The revised norms (Normae de Gravioribus Delictis) codify seven modifications originally made by Pope John Paul II and confirmed by Pope Benedict in 2005-- most significantly the increase of the statute of limitations to 20 years, the right to lift the statute on a case-by-case basis, and the faculty to request that the Pontiff dismiss offenders from the clerical state without an ecclesial trial. Another modification granted the Congregation for the Doctrine of the Faith “the right, as mandated by the Roman Pontiff, to judge Cardinals, Patriarchs, Legates of the Apostolic See, [and] Bishops.”

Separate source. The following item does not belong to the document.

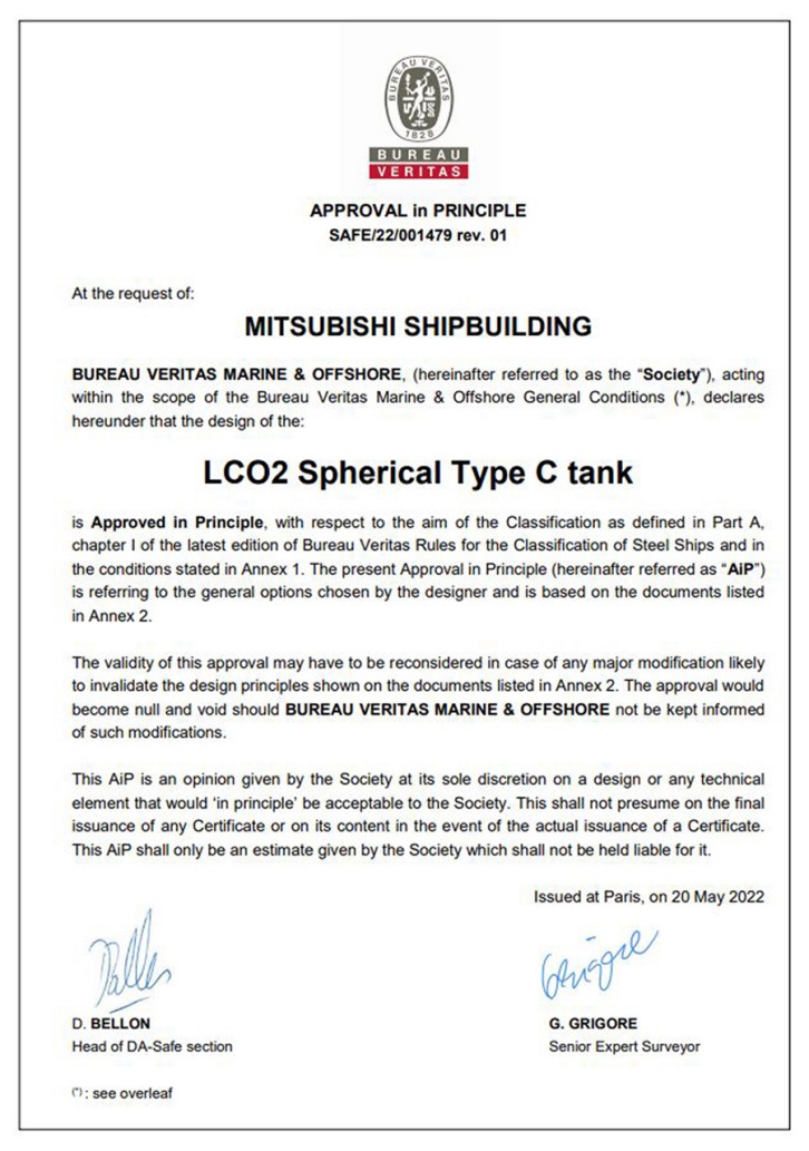 AIP for spherical cargo tanks for LCO2 carriers. Image by Mitsubishi Heavy Industries, Ltd. (1) Approval in Principle (AIP) indicates that a certification body has reviewed an item's basic design and confirmed that it meets technical requirements and safety standards. Inspection of Mitsubishi Shipbuilding's spherical cargo tank system was conducted based on the IGC Code as it applies to marine vessels that transport liquefied gas in bulk, as well as BV's own classification regulations. (2) The International Code for the Construction and Equipment of Ships Carrying Liquefied Gases in Bulk (IGC Code) is an international regulation stipulating the safety requirements for ships that transport LCO2, LNG, or other liquefied gases as cargo in bulk. (3) CCUS: carbon capture, utilization and storage Mitsubishi Heavy Industries, Ltd. press release

The revised norms also list crimes against faith and morals that were not included in the 2001 document, including heresy, apostasy, schism, “the indirect violation of the seal” of Confession, “the recording and divulgation of a sacramental confession done with malice,” “the attempted ordination of a woman,” and “the acquisition, possession or distribution of pornographic images of minors under the age of 14, a clerico turpe patrata [shamefully accomplished by a cleric], in any way and by any means.” Furthermore, the revised norms state that “a person over 18 years of age who is developmentally disabled is equated to a minor” in the norms’ treatment of the “more grave delicts against morals.”

The Holy See Press Office noted that the essence of the 2001 document remained unchanged; rather, “the Congregation for the Doctrine of the Faith felt it necessary to propose certain changes to these norms, not modifying the text in its entirety, but rather only in a few areas, in an effort to improve the application of the law.” Thus the following serious crimes are reserved to the Congregation for the Doctrine of the Faith in the 2001 norms and in the 2010 revision:

•throwing away, taking or retaining the consecrated species for a sacrilegious purpose, or profaning the consecrated species
•attempting the liturgical action of the Eucharistic sacrifice or the simulation thereof [citing Canon 1378, this norm applies to persons who have not been ordained priests]
•concelebrating the Eucharistic Sacrifice together with ministers of ecclesial communities which do not have Apostolic succession nor recognize the Sacramental dignity of priestly ordination
•consecrating one matter without the other in a Eucharistic celebration or both outside of a Eucharistic celebration
•absolution of an accomplice in the sin against the sixth commandment of the Decalogue
•solicitation to sin with the confessor against the sixth commandment of the Decalogue, in the act of, context of or pretext of the Sacrament of Penance
•direct violation of the Sacramental seal
•the violation of the sixth commandment of the Decalogue, committed by a cleric with a minor under the age of 18.